== Prompt ==
Keep to one stretch of the data below, the lines from the one with "Sphinx du Tilleul" up to and including the one with "- принятие кошкой", and return that stretch exactly.

== Extracted data ==
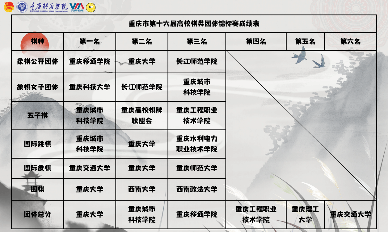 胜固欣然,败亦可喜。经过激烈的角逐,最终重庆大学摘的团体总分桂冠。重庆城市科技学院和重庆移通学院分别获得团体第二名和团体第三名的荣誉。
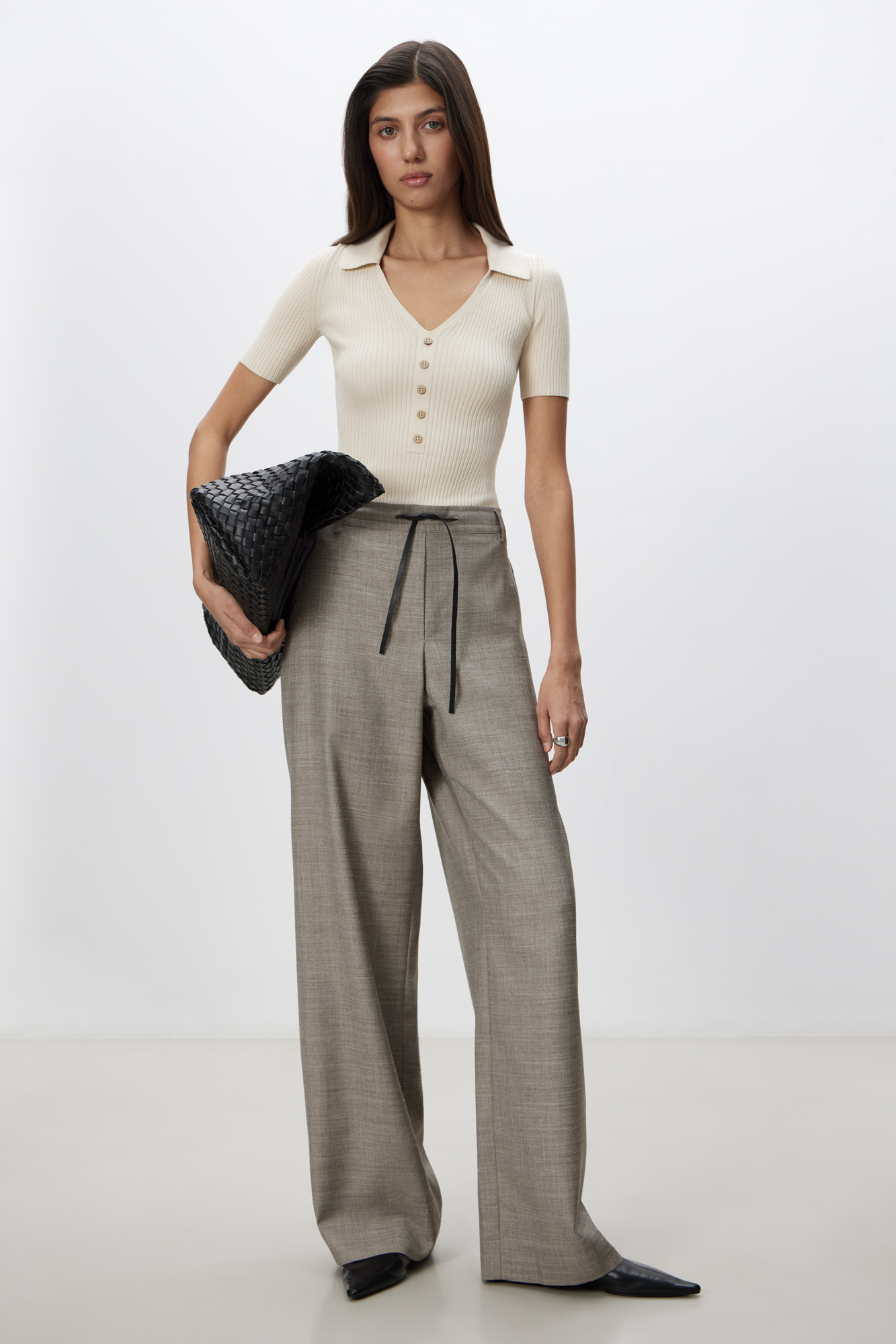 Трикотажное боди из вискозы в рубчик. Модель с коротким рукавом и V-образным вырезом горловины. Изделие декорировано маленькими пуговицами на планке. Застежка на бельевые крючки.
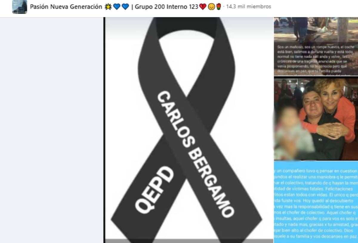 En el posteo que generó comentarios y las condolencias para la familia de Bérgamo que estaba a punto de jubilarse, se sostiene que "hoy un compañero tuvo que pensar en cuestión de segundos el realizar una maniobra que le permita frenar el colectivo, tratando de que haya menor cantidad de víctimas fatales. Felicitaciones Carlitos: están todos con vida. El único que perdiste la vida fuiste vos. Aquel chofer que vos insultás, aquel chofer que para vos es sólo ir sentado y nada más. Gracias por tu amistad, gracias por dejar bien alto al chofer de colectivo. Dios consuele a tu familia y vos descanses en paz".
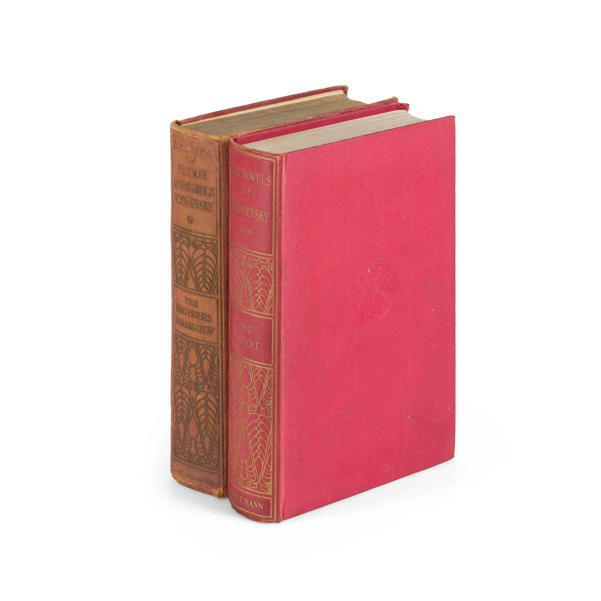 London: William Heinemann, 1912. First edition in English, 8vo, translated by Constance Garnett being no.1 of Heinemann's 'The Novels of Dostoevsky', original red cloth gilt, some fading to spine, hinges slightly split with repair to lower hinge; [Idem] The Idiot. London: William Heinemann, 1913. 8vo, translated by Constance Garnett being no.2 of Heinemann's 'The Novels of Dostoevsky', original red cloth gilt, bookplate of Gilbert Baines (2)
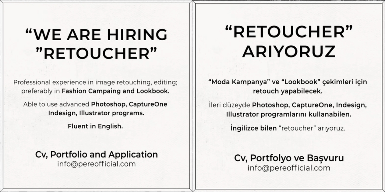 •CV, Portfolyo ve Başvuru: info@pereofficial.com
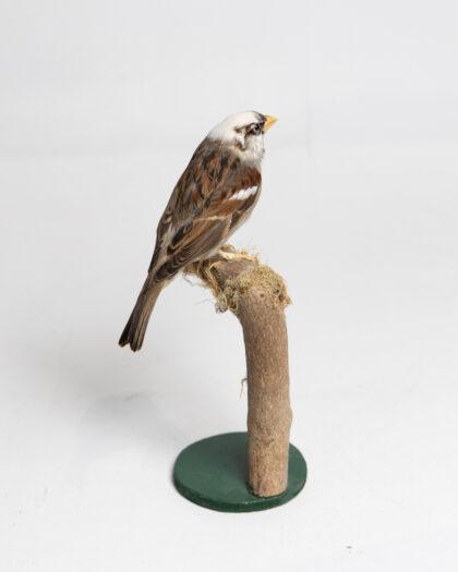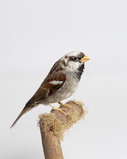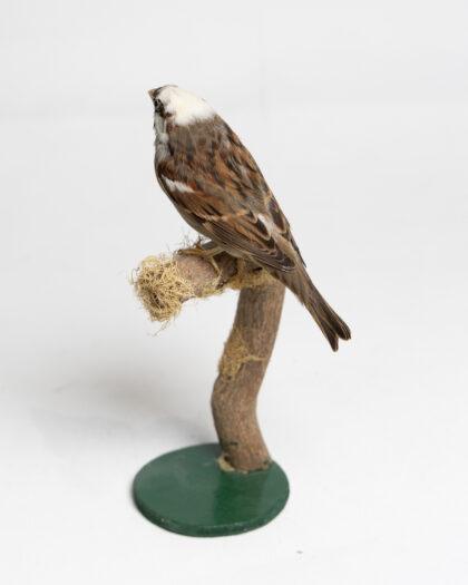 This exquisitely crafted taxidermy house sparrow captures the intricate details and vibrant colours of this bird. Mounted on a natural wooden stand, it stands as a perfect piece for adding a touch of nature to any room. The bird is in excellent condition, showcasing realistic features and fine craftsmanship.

...

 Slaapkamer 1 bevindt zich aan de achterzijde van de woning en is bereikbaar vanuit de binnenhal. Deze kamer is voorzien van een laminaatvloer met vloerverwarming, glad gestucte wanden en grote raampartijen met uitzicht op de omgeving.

--

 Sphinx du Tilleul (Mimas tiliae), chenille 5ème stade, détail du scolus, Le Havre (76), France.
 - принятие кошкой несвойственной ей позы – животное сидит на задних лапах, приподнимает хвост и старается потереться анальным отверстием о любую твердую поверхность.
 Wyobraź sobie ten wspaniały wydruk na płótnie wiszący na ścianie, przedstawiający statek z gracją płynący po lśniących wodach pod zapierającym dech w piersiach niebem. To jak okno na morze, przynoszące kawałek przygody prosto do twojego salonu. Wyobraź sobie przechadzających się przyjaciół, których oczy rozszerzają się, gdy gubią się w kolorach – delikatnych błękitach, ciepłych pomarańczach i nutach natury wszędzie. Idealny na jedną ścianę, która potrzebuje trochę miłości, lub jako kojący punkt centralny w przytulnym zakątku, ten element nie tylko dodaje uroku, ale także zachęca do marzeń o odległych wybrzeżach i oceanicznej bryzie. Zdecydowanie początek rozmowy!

== Response ==
 Sphinx du Tilleul (Mimas tiliae), chenille 5ème stade, détail du scolus, Le Havre (76), France.
 - принятие кошкой несвойственной ей позы – животное сидит на задних лапах, приподнимает хвост и старается потереться анальным отверстием о любую твердую поверхность.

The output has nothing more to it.